Far from losing relevance with the demise of the socialist system, scholarship focused on the history of socialism and the Cold War has also flourished in the past ten to fifteen years. It has developed particular strength in historical and anthropological studies of everyday cultures of socialism, departing from the attention to political systems and to the struggles between party-led dictatorship and dissident intellectuals.1 In a similar vein, the study of socialist and postsocialist nostalgia has also generated a vibrant area of scholarship.2 Back in the early 1990s, it was fairly common to dismiss nostalgia as a sentiment cultivated by postsocialist populations who were unable to get past their attachment to the deceptive sense of safety provided by the socialist “nanny-state” and to adjust to the competitive demands of a market economy. Since then, the victorious world system we are all stuck with has proven itself to be fundamentally unwilling and structurally unable to provide for even a basic sense of security and well-being for most of the world's population. Anxiety has welled up worldwide in response to the exhaustion of neoliberal capitalism as the guarantor of democracy, a good life, or indeed, hope for a livable future for the majority of an increasingly compressed globe. The renewed interest in the Cold War and the formerly discarded model of socialism is an indication of a search for alternative values at a time when it has become blatantly clear that propaganda, demagoguery, primordial nationalism, corruption, and authoritarianism are not the exclusive properties of communism and that neoliberal capitalism does not inherently lead to democracy and social justice. While capitalism “won” the Cold War, it has failed to bring about an alternative; the widespread interest in socialism and postsocialist nostalgia is a symptom of a renewed search for an alternative vision.

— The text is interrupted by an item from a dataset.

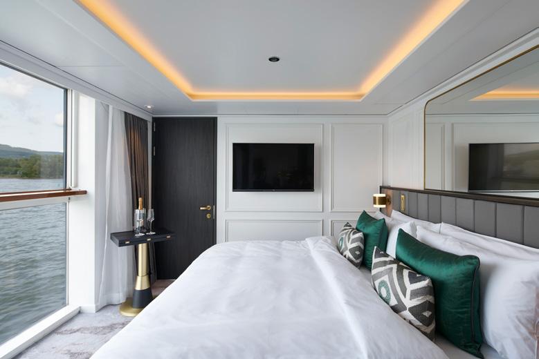 Like her sister ship, the S.S. Elisabeth , the S.S. Victoria joins our European fleet with an ambiance of contemporary luxury. This ship brings the largest suites on the rivers of Europe to our fleet, boasting two Royal Suites that offer an incredible 506 square feet each. Guests can even reserve the adjoining standard Suite next door to create a 759 square foot suite with two bedrooms connected by a separate living room
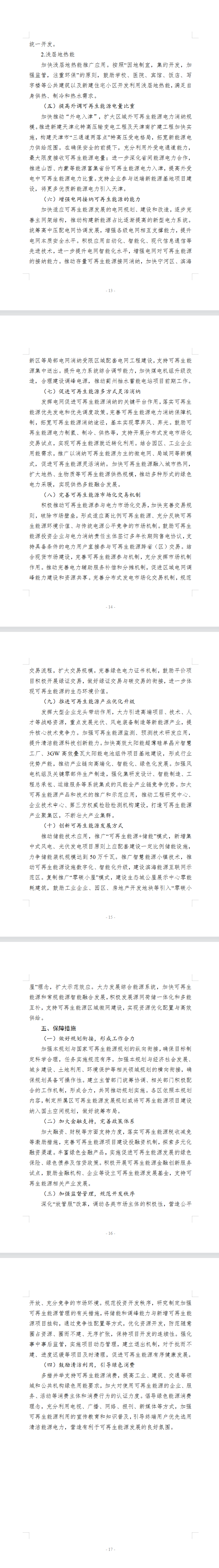 根據(jù)其“十三五”光伏累計(jì)裝機(jī)163.6萬千瓦、風(fēng)電裝機(jī)84.5萬千瓦的發(fā)展成績來看,即意味著“十四五”天津市光伏新增裝機(jī)規(guī)劃為4GW,風(fēng)電新增裝機(jī)近1.2GW。 去年8月,天津市發(fā)改委曾公示了《關(guān)于天津市2021-2022年風(fēng)電、光伏發(fā)電項(xiàng)目開發(fā)建設(shè)方案》,涉及光伏、風(fēng)電規(guī)模共計(jì)5.3GW,新增光伏項(xiàng)目4.32GW,風(fēng)電項(xiàng)目0.98GW。結(jié)合其“十四五”規(guī)劃來看,預(yù)計(jì)該批項(xiàng)目基本為天津“十四五”重點(diǎn)建設(shè)項(xiàng)目。 此外,文件強(qiáng)調(diào)要集散并重加快光伏發(fā)電開發(fā),充分挖掘屋頂資源潛力,結(jié)合電力體制改革,加快發(fā)展分布式光伏發(fā)電;統(tǒng)籌土地資源利用、電網(wǎng)消納和生態(tài)保護(hù),大力推進(jìn)集中式光伏發(fā)電。 分布式光伏方面,推動(dòng)光伏建筑一體化應(yīng)用,促進(jìn)光伏發(fā)電與城市建筑、基礎(chǔ)設(shè)施等要素融合發(fā)展,鼓勵(lì)新建建筑同步安裝光伏發(fā)電設(shè)施或預(yù)留安裝條件,政府投資項(xiàng)目優(yōu)先采用光伏發(fā)電滿足部分用能需求。支持利用工業(yè)園區(qū)、學(xué)校、醫(yī)院、商場、寫字樓等公共建筑,以及機(jī)場、車站、高速公路服務(wù)區(qū)等交通設(shè)施,推廣分布式光伏發(fā)電系統(tǒng)。鼓勵(lì)居民在自有產(chǎn)權(quán)住宅屋頂建設(shè)戶用分布式光伏。推進(jìn)整區(qū)(鎮(zhèn))屋頂分布式光伏開發(fā)試點(diǎn)。 集中式光伏方面,按照“優(yōu)先存量、優(yōu)化增量”的原則,結(jié)合土地、電網(wǎng)等資源條件,有效利用坑塘水面、農(nóng)業(yè)設(shè)施,推進(jìn)漁光互補(bǔ)、農(nóng)光互補(bǔ)等復(fù)合型光伏項(xiàng)目建設(shè);盤活荒山荒地、鹽場、沿海灘涂等資源,開展鹽光互補(bǔ)、水面光伏等項(xiàng)目建設(shè),推動(dòng)濱海新區(qū)“鹽光互補(bǔ)”百萬千瓦級(jí)基地建設(shè)。拓展“光伏+”綜合應(yīng)用領(lǐng)域,探索“光伏+制氫”、“光伏+曬鹽”、“光伏+旅游”等綜合應(yīng)用模式。充分發(fā)揮風(fēng)、光資源互補(bǔ)優(yōu)勢(shì),鼓勵(lì)已投產(chǎn)風(fēng)電場建設(shè)風(fēng)光互補(bǔ)光伏電站。 要提高外調(diào)可再生能源電量比重,加快推動(dòng)“外電入津”,擴(kuò)大區(qū)域外可再生能源電力消納規(guī)模。推進(jìn)新建天津北特高壓輸變電工程及天津南擴(kuò)建工程加快實(shí)施,構(gòu)建天津市“三通道兩落點(diǎn)”特高壓受電格局,拓寬新能源電力供給范圍。在確保安全的前提下,充分利用外受電通道能力,最大限度接收可再生能源電量;進(jìn)一步深化省間能源電力合作,推進(jìn)山西、內(nèi)蒙等能源富集省份可再生能源電力入津,提高外受電中可再生能源電力比重。支持企業(yè)參與送端新能源基地項(xiàng)目建設(shè),將更多優(yōu)質(zhì)新能源電力引入天津。 推進(jìn)可再生能源產(chǎn)業(yè)優(yōu)化升級(jí),發(fā)揮大型企業(yè)龍頭帶動(dòng)作用,大力引進(jìn)高端項(xiàng)目、技術(shù)、人才等戰(zhàn)略資源,重點(diǎn)發(fā)展光伏、風(fēng)電裝備制造等新能源產(chǎn)業(yè),提升核心技術(shù)競爭力。加強(qiáng)可再生能源監(jiān)測、預(yù)測技術(shù)研發(fā)應(yīng)用,提升清潔能源科技創(chuàng)新能力。加快高效太陽能超薄硅單晶片智慧工廠、3GW高效疊瓦太陽能電池組件項(xiàng)目基地建設(shè),形成行業(yè)優(yōu)勢(shì)產(chǎn)能,推動(dòng)產(chǎn)業(yè)鏈向高端化、智能化、綠色化發(fā)展。

The vantage point of the shocking historical developments of recent decades now allows us to reconsider the legacy of socialism in ways that are unburdened by what in 1990 was an uncontestable narrative of total victory versus total failure in a long-standing battle between two world systems.
Television has been a place where academic attention to everyday cultures of socialism and popular nostalgia has converged. This chapter examines features of socialist television in the Soviet Union and the former Eastern Bloc in order to explore some of the valuable experiences of socialism that were automatically relegated to the dustbin of history in 1990. Admittedly, it is impossible to generalize across the different phases, forms, and geopolitical manifestations of television under socialism. The values I wish to revisit have to do with the overarching communal and educational ethos of socialism that television dispersed more successfully than most other institutions, rather than with specific, local features. This ethos manifested itself in socialist television's earnest (p- 613) utopian impulse to educate while entertaining in the relaxed conditions of the home. It was also evident in its investment and success in developing a well-rounded person committed to cultivating their own faculties and in facilitating a community-oriented sensibility. Even during socialism's waning years, when socialism's original ideological principles were increasingly eroded in a capitulation to market-based competition and individualism, in most countries within the Soviet orbit, television sustained this sensibility.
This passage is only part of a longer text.